### Source material
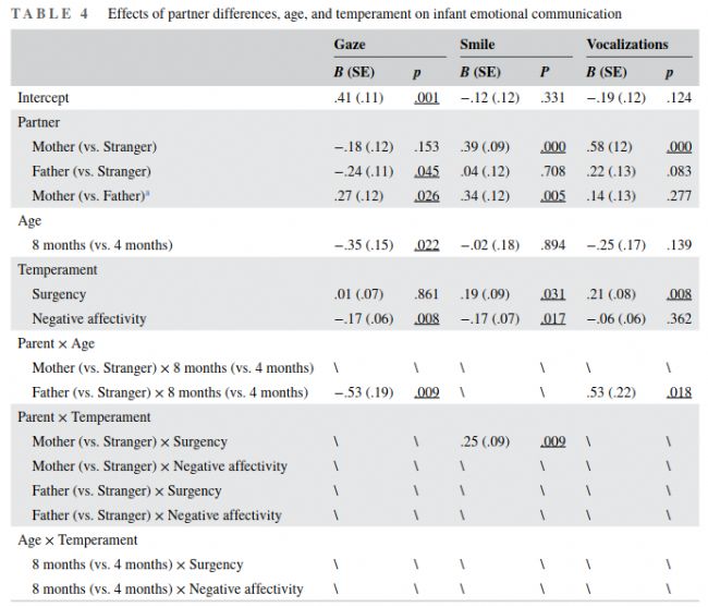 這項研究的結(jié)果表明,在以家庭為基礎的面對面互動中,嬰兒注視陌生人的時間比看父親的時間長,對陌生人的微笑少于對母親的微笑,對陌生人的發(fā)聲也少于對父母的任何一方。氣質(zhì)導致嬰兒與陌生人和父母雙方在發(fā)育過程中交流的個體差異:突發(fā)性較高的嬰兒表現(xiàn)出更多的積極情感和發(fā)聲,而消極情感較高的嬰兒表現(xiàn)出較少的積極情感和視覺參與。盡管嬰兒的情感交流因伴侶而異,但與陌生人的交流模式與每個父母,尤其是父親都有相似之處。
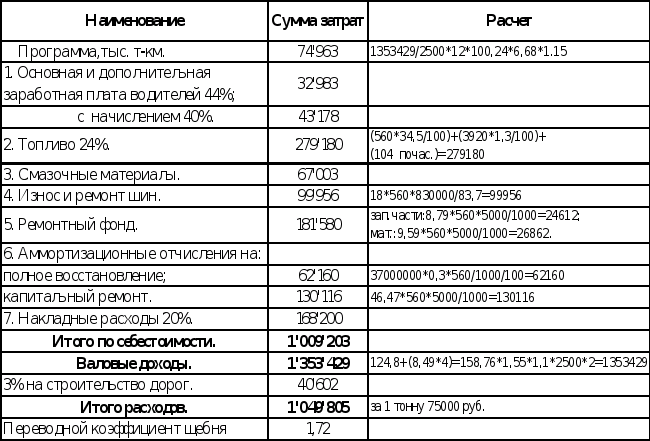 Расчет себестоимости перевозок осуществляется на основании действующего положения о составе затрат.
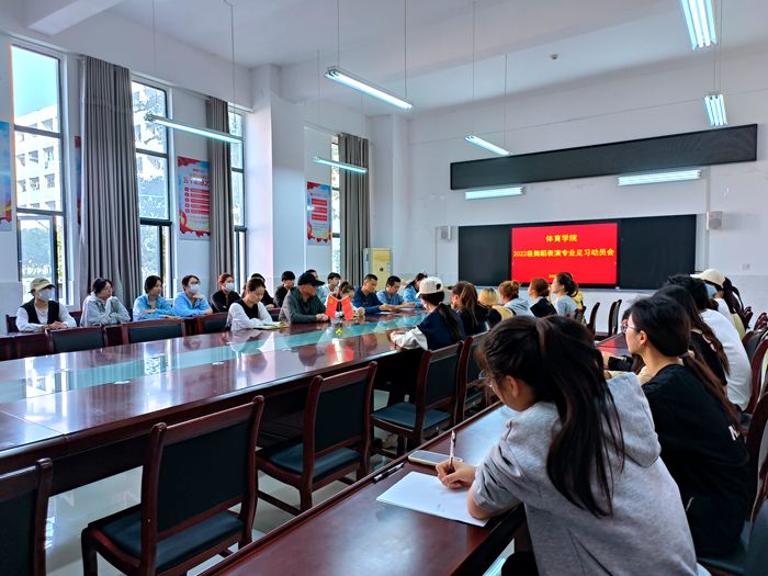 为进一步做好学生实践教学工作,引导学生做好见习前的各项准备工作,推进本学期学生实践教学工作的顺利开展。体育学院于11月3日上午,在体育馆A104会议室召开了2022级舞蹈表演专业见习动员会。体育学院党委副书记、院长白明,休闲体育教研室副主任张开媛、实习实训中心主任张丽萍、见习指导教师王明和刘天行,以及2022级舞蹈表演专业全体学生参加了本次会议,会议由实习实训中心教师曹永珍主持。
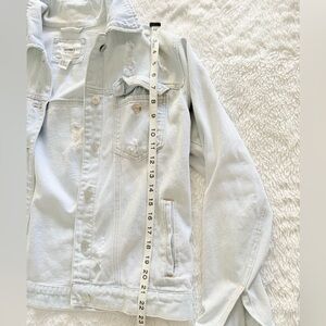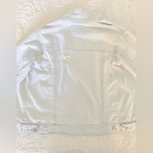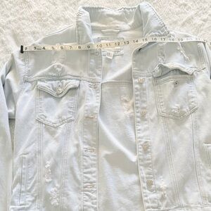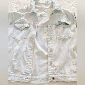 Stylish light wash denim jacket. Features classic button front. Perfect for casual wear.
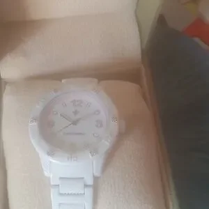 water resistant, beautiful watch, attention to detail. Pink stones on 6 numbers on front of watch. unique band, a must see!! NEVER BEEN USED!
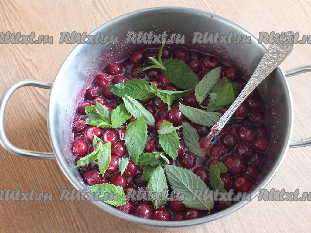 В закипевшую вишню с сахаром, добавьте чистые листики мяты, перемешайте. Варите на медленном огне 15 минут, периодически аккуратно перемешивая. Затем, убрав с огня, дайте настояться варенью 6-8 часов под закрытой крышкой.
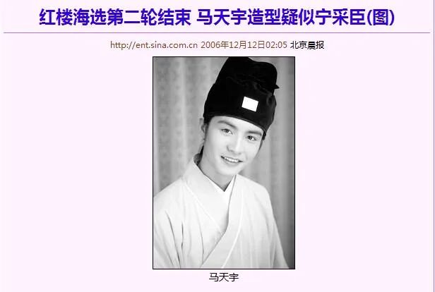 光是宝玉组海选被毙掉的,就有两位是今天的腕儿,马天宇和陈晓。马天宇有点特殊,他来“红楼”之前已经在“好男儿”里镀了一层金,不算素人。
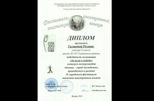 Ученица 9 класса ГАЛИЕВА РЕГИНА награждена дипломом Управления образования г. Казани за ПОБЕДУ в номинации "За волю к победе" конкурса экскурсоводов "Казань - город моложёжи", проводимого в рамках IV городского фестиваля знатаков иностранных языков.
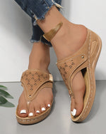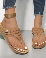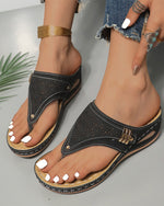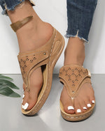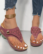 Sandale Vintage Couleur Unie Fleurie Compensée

### To do
Say again, word for word, every line from the one with "Расчет себестоимости перевозок" through the last line of the data above, minus the pictures.

### Exercise output
 Расчет себестоимости перевозок осуществляется на основании действующего положения о составе затрат.
 为进一步做好学生实践教学工作,引导学生做好见习前的各项准备工作,推进本学期学生实践教学工作的顺利开展。体育学院于11月3日上午,在体育馆A104会议室召开了2022级舞蹈表演专业见习动员会。体育学院党委副书记、院长白明,休闲体育教研室副主任张开媛、实习实训中心主任张丽萍、见习指导教师王明和刘天行,以及2022级舞蹈表演专业全体学生参加了本次会议,会议由实习实训中心教师曹永珍主持。
 Stylish light wash denim jacket. Features classic button front. Perfect for casual wear.
 water resistant, beautiful watch, attention to detail. Pink stones on 6 numbers on front of watch. unique band, a must see!! NEVER BEEN USED!
 В закипевшую вишню с сахаром, добавьте чистые листики мяты, перемешайте. Варите на медленном огне 15 минут, периодически аккуратно перемешивая. Затем, убрав с огня, дайте настояться варенью 6-8 часов под закрытой крышкой.
 光是宝玉组海选被毙掉的,就有两位是今天的腕儿,马天宇和陈晓。马天宇有点特殊,他来“红楼”之前已经在“好男儿”里镀了一层金,不算素人。
 Ученица 9 класса ГАЛИЕВА РЕГИНА награждена дипломом Управления образования г. Казани за ПОБЕДУ в номинации "За волю к победе" конкурса экскурсоводов "Казань - город моложёжи", проводимого в рамках IV городского фестиваля знатаков иностранных языков.
 Sandale Vintage Couleur Unie Fleurie Compensée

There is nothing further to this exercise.